There are well over 100,000 books and articles written on the topic of leadership. You would think with so much knowledge on the topic, we would be great at it by now. However, that’s not the case in many—if not most—situations. For instance, a confusing element about leadership is clarifying the difference between leadership, management, and coaching. The fact is that to different degrees they do merge, so here’s a simple way to clarify the differences. 

Let’s say you’re 10 years old and attending summer camp. Everyone in your tent is looking forward to outdoor sports activities, but unfortunately, it starts to rain. Nobody knows what to do, and the counselor has fallen asleep. Some of the kids start playing Monopoly, others are playing video games or cards, and a few are wrestling in the corner of the room. Basically, everyone is doing their own thing or getting very bored.

One of the campers says, "Let's go to the recreation center and play dodgeball." The initial reaction from the other campers includes:

  • "Nah, we don’t want to do that." 
  • "It’s raining outside and we’ll get wet walking to the rec center!" 
  • "I'm already reading a book."  

This camper does not give up, though. Against resistance, she convinces the other kids to go to the rec center. This camper is the leader. She set up a vision and has gotten everybody else to follow. Meanwhile, the manager in this scenario is the kid who gets the key to the rec center and finds the dodgeballs, and the coach is the camper who teaches the others how to play dodgeball and win. 

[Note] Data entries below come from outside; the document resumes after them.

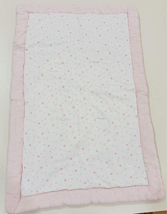 Detalles del productoEdredón reversible ideal para capazo o mini-cuna con un bonito estampado de estrellas en tonos rosas y grises sobre fondo blanco. Marca Cotton Juice de El Corte Inglés
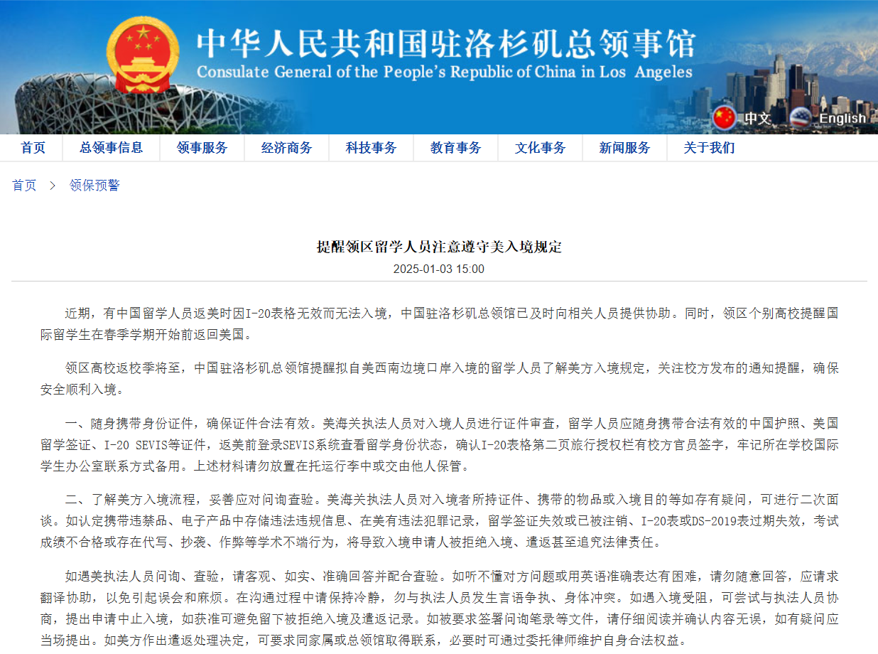 此外,近期有中國(guó)留學(xué)人員返美時(shí)因I-20表格無(wú)效無(wú)法入境,駐洛杉磯總領(lǐng)館已及時(shí)向相關(guān)人員提供協(xié)助。同時(shí)返校季將至,駐洛杉磯總領(lǐng)館提醒擬自美西南邊境口岸入境的留學(xué)人員確保攜帶合法有效的中國(guó)護(hù)照、美國(guó)留學(xué)簽證、I-20 SEVIS等證件,返美前登錄SEVIS系統(tǒng)查看留學(xué)身份狀態(tài),并確認(rèn)I-20表格旅行授權(quán)欄有校方官員簽字。了解美方入境流程,避免攜帶違禁品或存儲(chǔ)違法信息,以防被拒絕入境、遣返或追究法律責(zé)任。重要證件勿放托運(yùn)行李或交他人保管,并牢記學(xué)校國(guó)際學(xué)生辦公室聯(lián)系方式。遇美執(zhí)法人員問(wèn)詢時(shí),客觀如實(shí)回答并配合查驗(yàn),如語(yǔ)言困難請(qǐng)求翻譯,避免隨意回答。保持冷靜,避免爭(zhēng)執(zhí)。入境受阻可協(xié)商中止入境,避免遣返記錄。簽署文件前仔細(xì)閱讀,有疑問(wèn)當(dāng)場(chǎng)提出。如被遣返,可聯(lián)系家屬或總領(lǐng)館,必要時(shí)委托律師。
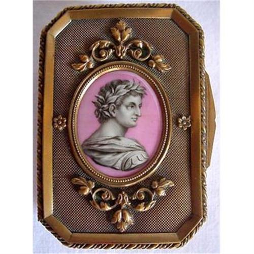 Fabulous French bronze box with marvellous handpainted grisaille enamel portrait on porcelain. Probably Napoleon in Roman emperor attire. Measures 3 1/4 X 2 1/4inches. Canted corners. Sides with delicate, gilded raised scrolling design. Top has applied fleur de lis scrolling leaves and flowers. The center of the lid has a pink medallion with a wonderful grisaille handpainted portrait of a Roman emperor, laurel crown. Very likely a view of Napoleon Bonaparte. Fantastic detail. Hinges firm. Inside been re-lined in pink silk. Box closes tightly. No damage of any sort.
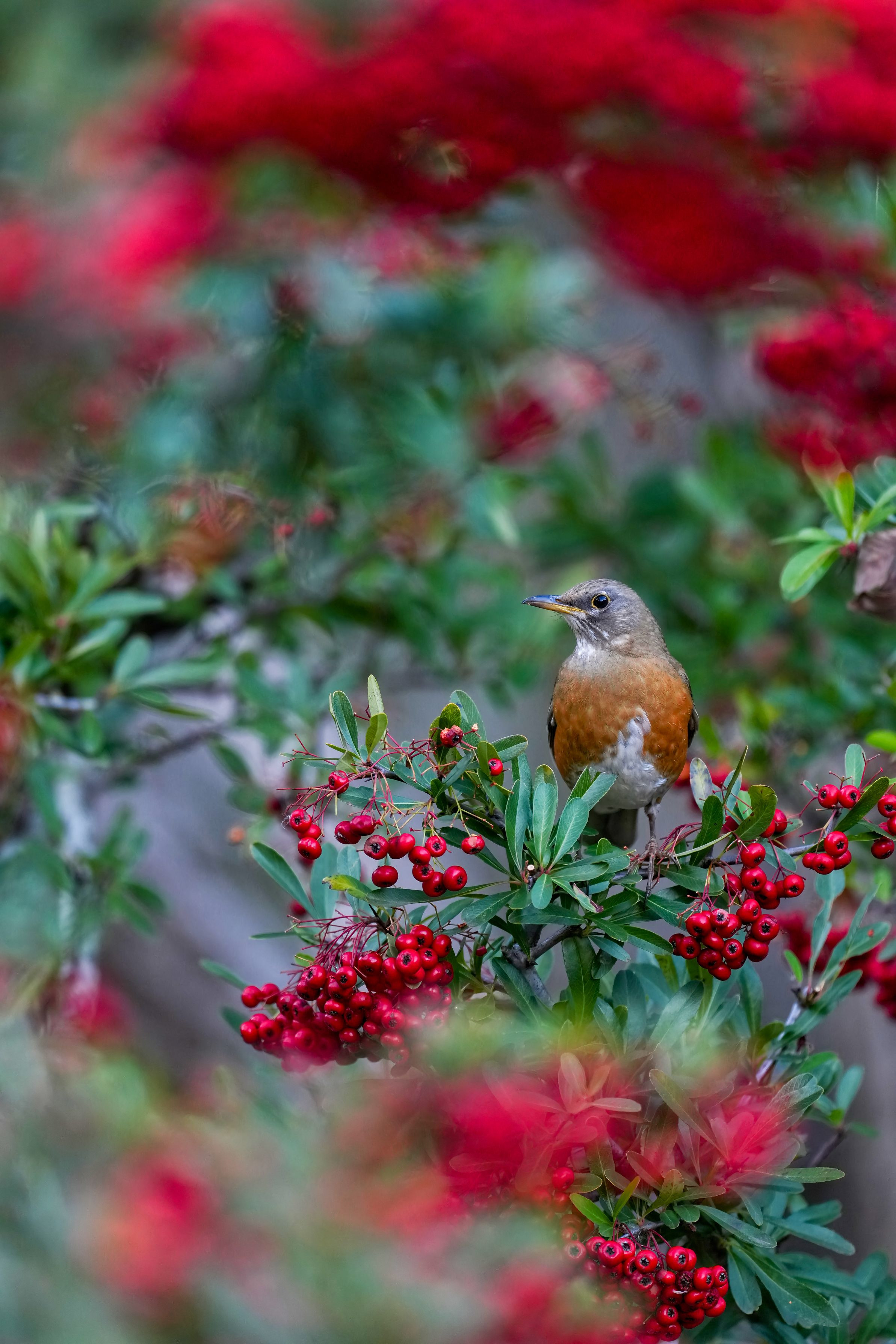 ピラカンサ食堂へアカハラさんもご来店です(^^♪ 早く食べないと無くなるよ(笑)
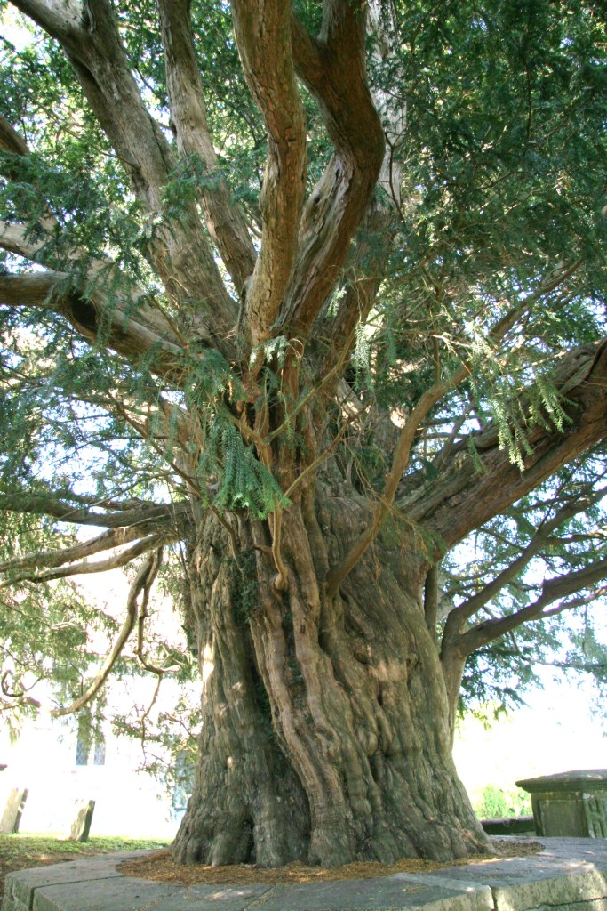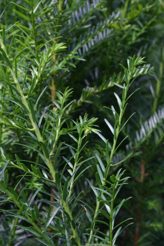 I have always been fond of yew. It was one of those species that inspired me to grow trees in my mind. Where in creation is yew? For me it was only in photographs. Like the one above, I saw them in the thousand-year-old trees in cemeteries and churches in the U.K. that made me wonder the history of such magnificent specimens. Most landscapes today have yews within them. They are the standard of the landscape industry as an evergreen shrub with rich dark green foliage. Their spiritual nature has been sidelined but not forgotten. Instead, yew liked us and decided to move in closer. They live a long time and tolerate the worst soil and air conditions while being disease free. When I began to grow the yew from seed, I started to notice large specimens that were not trimmed in untended landscapes. They became wedged in my consciousness as a sort of immortal species with the same ancient reverence that others enjoy in stone architecture. There was one yew shrub that grew a large multistemmed top to 50 ft. in diameter in front of a large home near a park where I still visit. I told the owner how special that plant was and not to ever remove it. Normally yews are rooted as varieties selected for specific ornamental appeal. I was more interested in the fruit and the wood quality than anything else. Late at night sometimes I would hear the deer bump into my house as they positioned themselves between the deck and planting bed eating my ornamental yews. In spring most of the foliage was gone. It is interesting that a cow or horse can eat a handful of yew foliage and drop dead. With its dozen or so alkaloids, it has protected itself against the human livestock. The deer benefits and thrives from the yew. I moved several seedlings out to my roadside. One made it past the browse line and is now ten feet tall straight as an arrow. This was yew I was searching for.

 What does this scenario tell us?

In essence, leaders typically have to overcome resistance. If people would just do things without the leader leading them, they wouldn’t need a leader. Leaders also get people to stretch and change behaviors in directions they would not have considered on their own. Managers, however, manage the process set by the leader, and coaches help people to be better at the process that they are expected to implement. That’s the difference. 

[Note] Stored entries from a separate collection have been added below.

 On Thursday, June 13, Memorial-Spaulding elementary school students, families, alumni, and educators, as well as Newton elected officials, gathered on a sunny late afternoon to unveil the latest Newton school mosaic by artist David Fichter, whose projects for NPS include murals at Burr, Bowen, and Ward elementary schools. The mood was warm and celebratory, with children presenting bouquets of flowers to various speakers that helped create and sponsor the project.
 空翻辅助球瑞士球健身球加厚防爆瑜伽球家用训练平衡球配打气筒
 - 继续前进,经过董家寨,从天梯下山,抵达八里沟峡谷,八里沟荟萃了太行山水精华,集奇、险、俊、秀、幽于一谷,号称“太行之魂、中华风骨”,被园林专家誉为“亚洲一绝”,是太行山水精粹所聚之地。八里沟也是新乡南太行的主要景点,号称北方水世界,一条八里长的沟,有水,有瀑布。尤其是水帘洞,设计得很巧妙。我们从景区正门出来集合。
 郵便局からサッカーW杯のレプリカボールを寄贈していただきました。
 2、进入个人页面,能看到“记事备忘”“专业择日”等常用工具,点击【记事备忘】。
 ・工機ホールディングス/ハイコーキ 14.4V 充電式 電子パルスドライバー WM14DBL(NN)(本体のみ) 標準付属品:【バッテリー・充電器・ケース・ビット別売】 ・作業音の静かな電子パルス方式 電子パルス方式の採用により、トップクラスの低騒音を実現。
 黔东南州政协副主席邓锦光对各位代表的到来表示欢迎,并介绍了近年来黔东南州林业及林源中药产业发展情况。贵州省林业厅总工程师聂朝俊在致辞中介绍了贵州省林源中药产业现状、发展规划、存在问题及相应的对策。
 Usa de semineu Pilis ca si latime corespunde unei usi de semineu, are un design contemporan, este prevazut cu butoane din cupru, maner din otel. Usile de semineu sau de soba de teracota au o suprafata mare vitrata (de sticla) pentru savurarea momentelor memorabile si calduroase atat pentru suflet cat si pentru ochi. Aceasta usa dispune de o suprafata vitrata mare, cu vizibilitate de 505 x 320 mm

Keep in mind: leaders aren’t just CEOs, they’re supervisors too. In fact, if you manage just one person, you're a leader, you're a manager, and you're a coach. Therefore, depending on the scale of a healthcare organization, these three roles may merge to a greater or lesser degree. Additionally, sometimes there are leaders who have no “authority power.” For example, if a coach and team captain fail to show up to a baseball practice, and one of the players convinces everyone to start practicing, that person is obviously a functional leader—just without a title. 

How do you know if you’re a good leader? See if anyone’s following you! So, leadership doesn’t mean just giving good speeches. It’s nice to give good speeches, but you don’t have to be great at oratory. The definition of great leadership is that, whether you’re the quietest or loudest person, people implement your vision. 

Are some people naturally good leaders? Do they seem to be born leaders? Of course. Just like some people are naturally better athletes.

Can you learn to be a leader? Absolutely. In truth, anyone in a leadership role can get better at it. 

Leadership Calls for Courage, Knowledge, and Action 

It takes courage to lead. Some people instinctually resist what others tell them, so leaders must overcome their objections. This means there will likely be conflict. If you loathe conflict, then leadership will be difficult for you. You can try to attain consensus, but unless everybody is in complete agreement, you may still be leading against established beliefs, attitudes, and habits of the group. 

Consider the Cohen Brown Leadership Unpopularity Law: “In order to be a great leader, you do not have to be unpopular. However, you can’t be afraid to be unpopular.” So, if your ultimate goal is to win a popularity contest, you will probably not be a great leader. 

Also, even if you have to lead against resistance, you can reduce opposition with logic. More importantly, you need to understand and practice the adage, "The ordinary leader gets the people to think highly of the leader. The extraordinary leader gets the people to think highly of themselves."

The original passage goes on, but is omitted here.